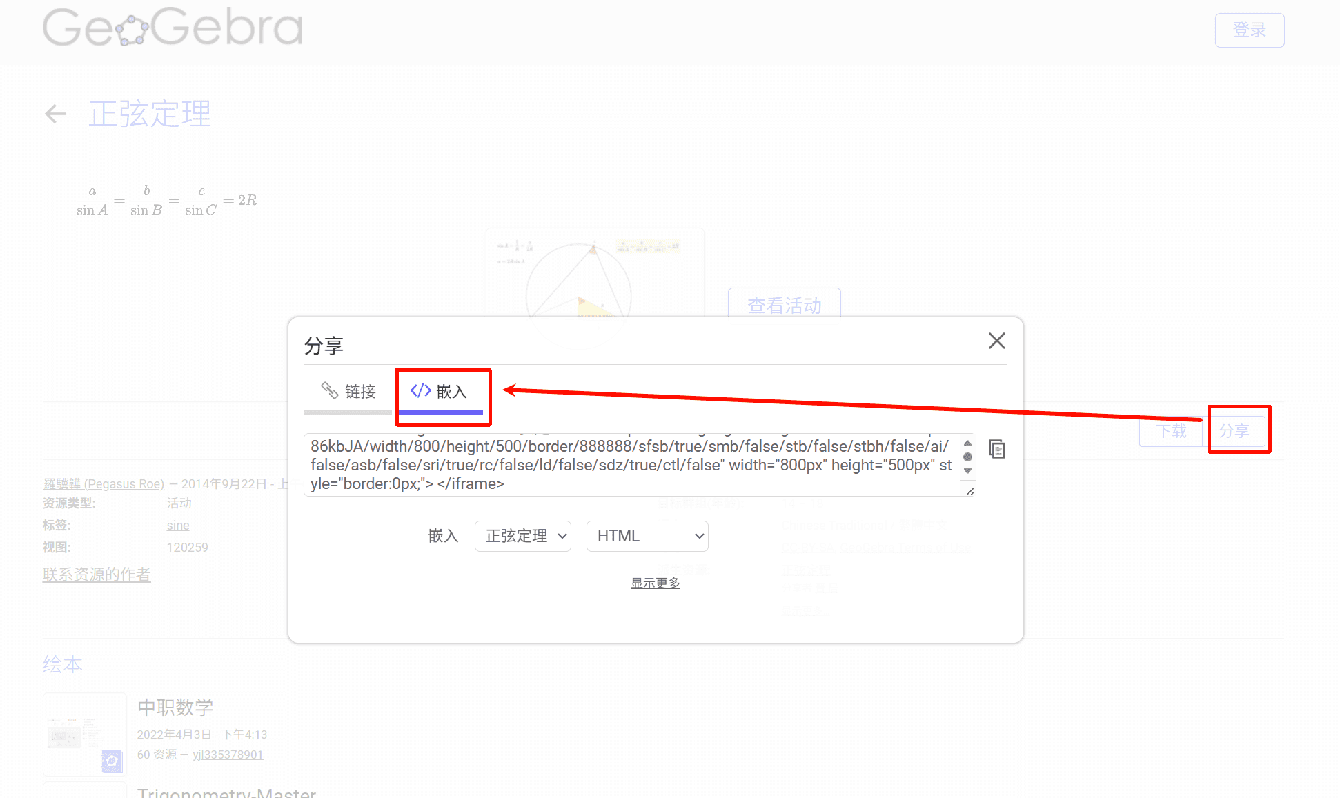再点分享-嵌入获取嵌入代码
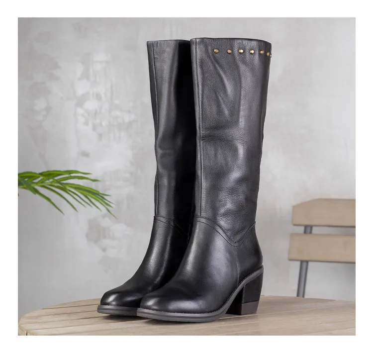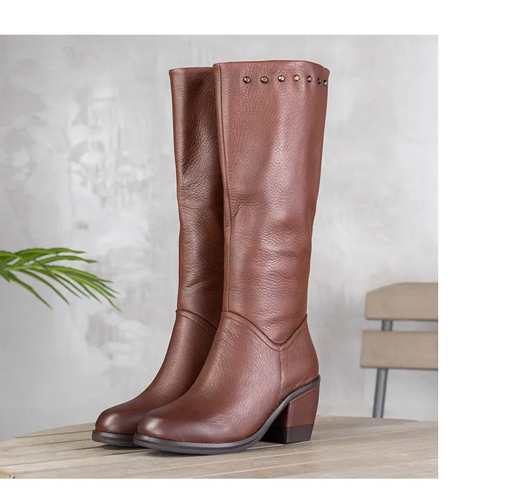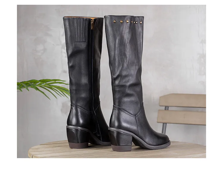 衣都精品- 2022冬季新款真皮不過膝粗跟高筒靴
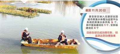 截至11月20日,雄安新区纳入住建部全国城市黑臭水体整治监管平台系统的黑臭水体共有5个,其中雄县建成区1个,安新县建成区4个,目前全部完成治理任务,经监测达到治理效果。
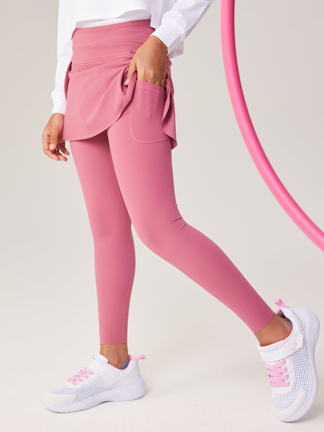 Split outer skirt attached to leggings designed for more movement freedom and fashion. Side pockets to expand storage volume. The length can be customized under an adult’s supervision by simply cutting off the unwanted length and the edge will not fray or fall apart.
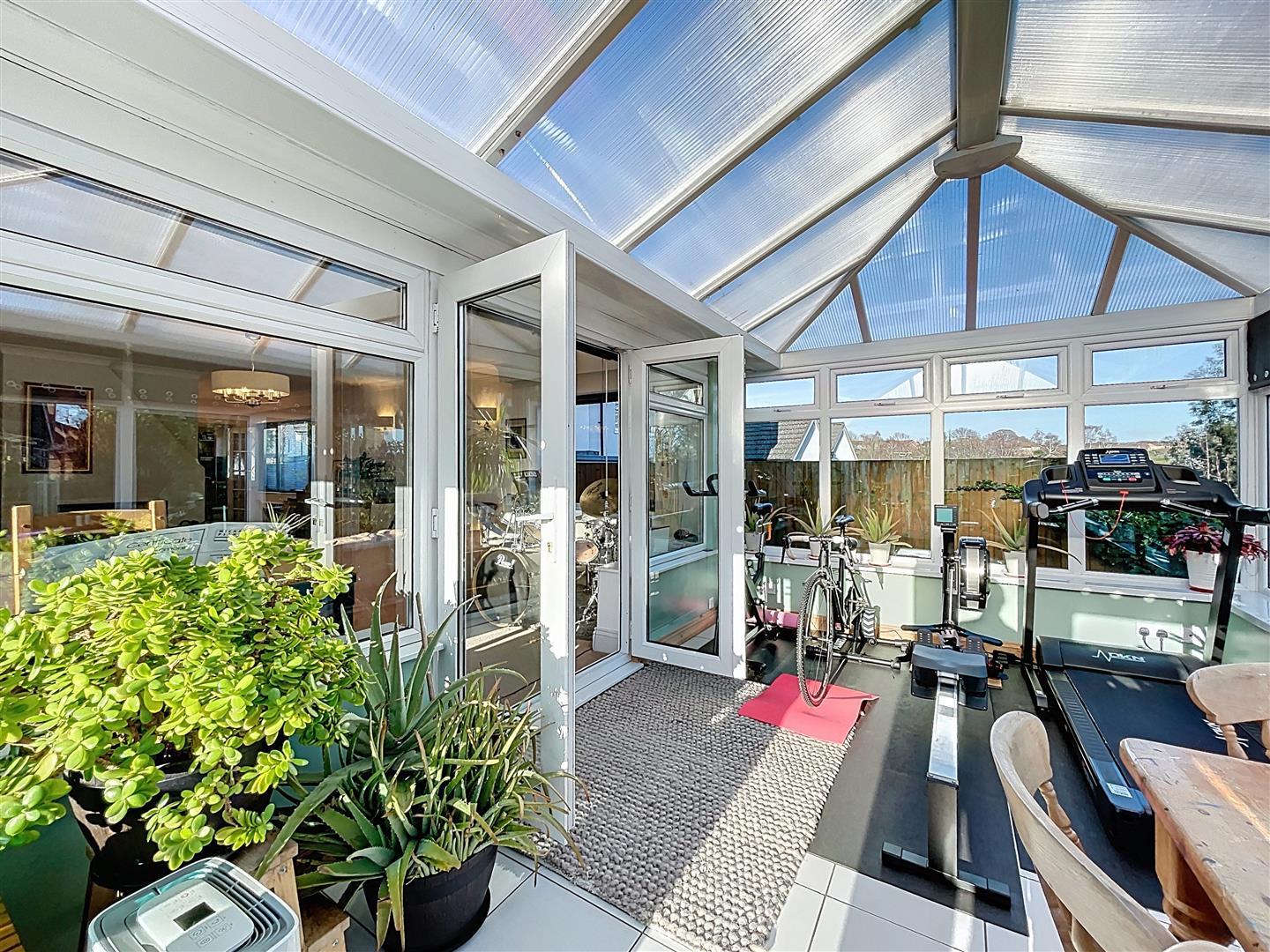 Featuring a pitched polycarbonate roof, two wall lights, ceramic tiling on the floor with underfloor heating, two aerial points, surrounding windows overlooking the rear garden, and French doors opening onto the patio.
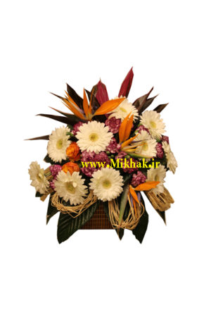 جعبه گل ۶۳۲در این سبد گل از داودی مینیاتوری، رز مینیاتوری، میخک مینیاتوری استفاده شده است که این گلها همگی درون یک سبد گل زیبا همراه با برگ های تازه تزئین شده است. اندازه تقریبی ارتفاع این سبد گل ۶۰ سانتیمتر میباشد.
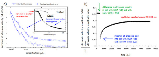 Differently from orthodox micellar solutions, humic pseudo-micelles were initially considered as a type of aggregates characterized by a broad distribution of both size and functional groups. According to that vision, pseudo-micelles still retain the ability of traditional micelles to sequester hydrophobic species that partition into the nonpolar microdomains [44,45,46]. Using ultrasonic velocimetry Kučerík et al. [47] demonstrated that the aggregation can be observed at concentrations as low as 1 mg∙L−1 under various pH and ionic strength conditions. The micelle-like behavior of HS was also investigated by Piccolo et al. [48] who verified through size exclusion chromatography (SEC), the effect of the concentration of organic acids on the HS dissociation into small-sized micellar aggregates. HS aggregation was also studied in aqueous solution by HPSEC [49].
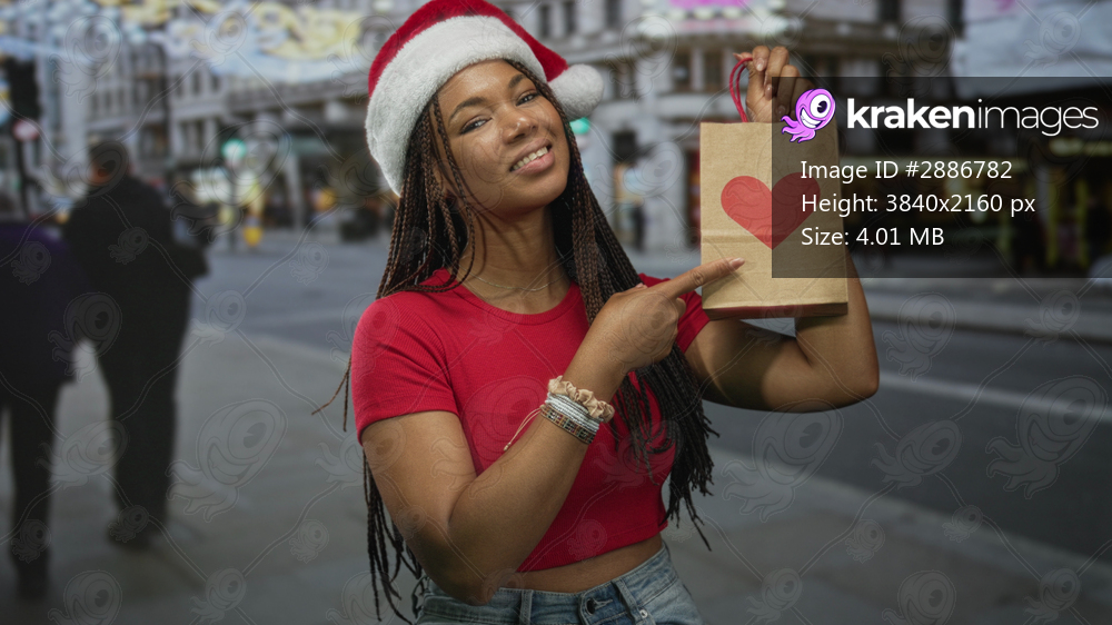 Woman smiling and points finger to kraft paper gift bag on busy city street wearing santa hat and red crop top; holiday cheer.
...
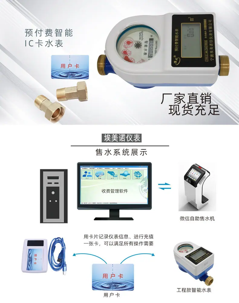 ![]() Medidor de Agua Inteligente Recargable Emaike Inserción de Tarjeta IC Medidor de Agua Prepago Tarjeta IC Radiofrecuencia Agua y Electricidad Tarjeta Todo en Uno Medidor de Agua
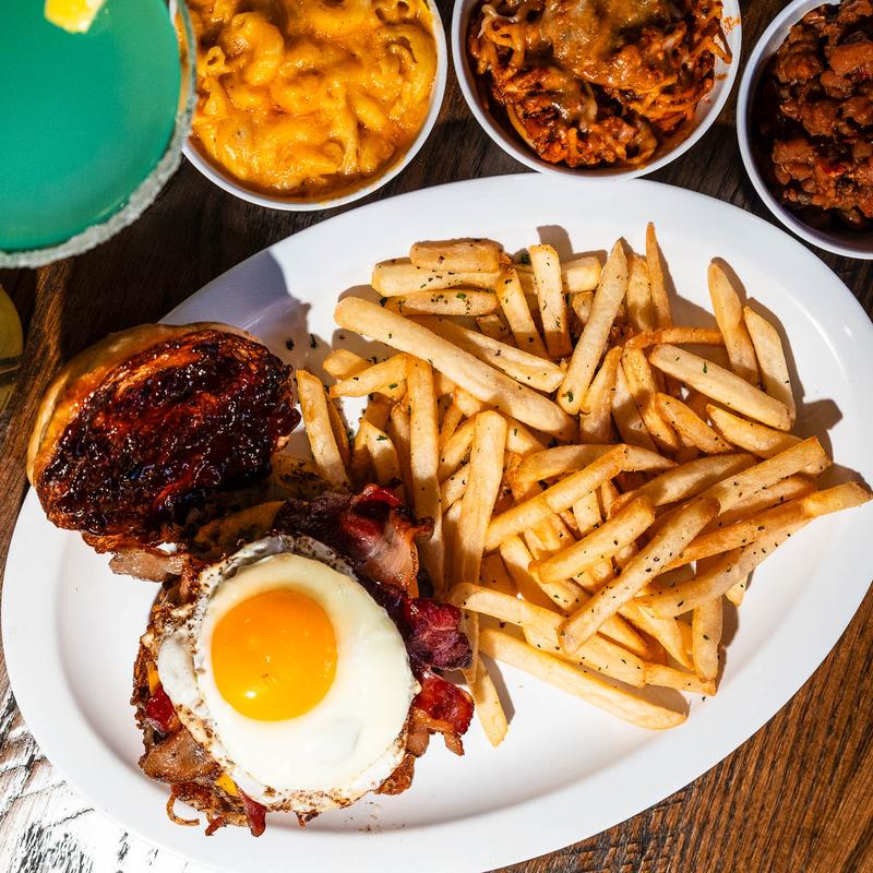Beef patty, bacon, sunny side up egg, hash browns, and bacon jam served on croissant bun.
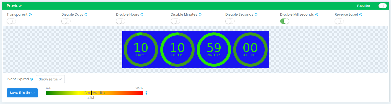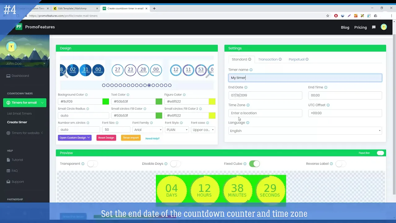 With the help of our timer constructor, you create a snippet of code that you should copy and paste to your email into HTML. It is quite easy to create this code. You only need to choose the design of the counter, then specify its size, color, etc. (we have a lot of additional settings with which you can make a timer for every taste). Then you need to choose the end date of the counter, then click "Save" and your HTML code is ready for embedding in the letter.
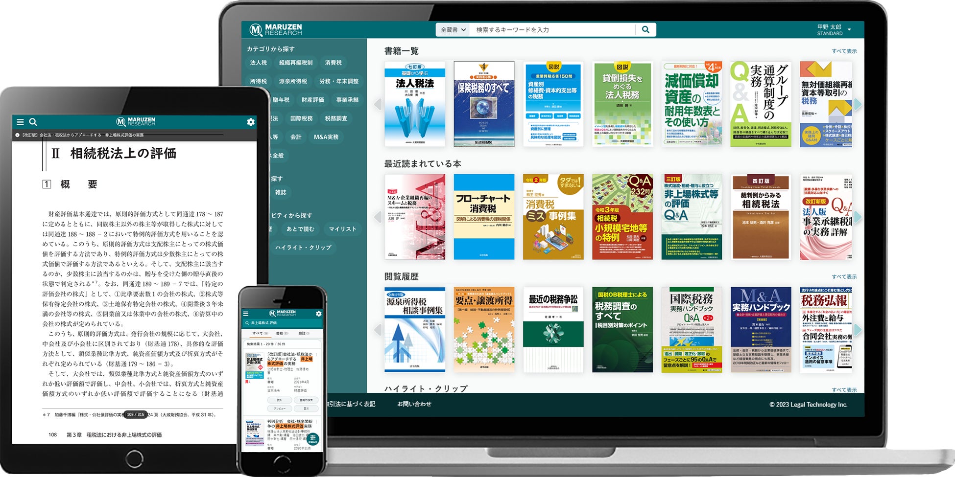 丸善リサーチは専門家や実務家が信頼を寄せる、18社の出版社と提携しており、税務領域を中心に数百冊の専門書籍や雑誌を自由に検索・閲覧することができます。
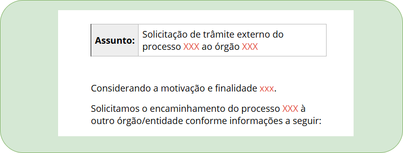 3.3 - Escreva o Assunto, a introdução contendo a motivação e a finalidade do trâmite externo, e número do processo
--
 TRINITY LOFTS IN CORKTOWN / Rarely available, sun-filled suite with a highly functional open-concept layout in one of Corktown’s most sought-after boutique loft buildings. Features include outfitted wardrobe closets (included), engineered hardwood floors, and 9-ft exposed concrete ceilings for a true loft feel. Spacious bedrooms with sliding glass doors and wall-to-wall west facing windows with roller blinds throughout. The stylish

■ WORK TASK ■
Up in the listing, locate the line with "With the help"; print it and every line after it down to the line with "3.3 - Escreva", which is included too. Skip the pictures.

■ ANSWER FOR THIS EXERCISE ■
 With the help of our timer constructor, you create a snippet of code that you should copy and paste to your email into HTML. It is quite easy to create this code. You only need to choose the design of the counter, then specify its size, color, etc. (we have a lot of additional settings with which you can make a timer for every taste). Then you need to choose the end date of the counter, then click "Save" and your HTML code is ready for embedding in the letter.
 丸善リサーチは専門家や実務家が信頼を寄せる、18社の出版社と提携しており、税務領域を中心に数百冊の専門書籍や雑誌を自由に検索・閲覧することができます。
 3.3 - Escreva o Assunto, a introdução contendo a motivação e a finalidade do trâmite externo, e número do processo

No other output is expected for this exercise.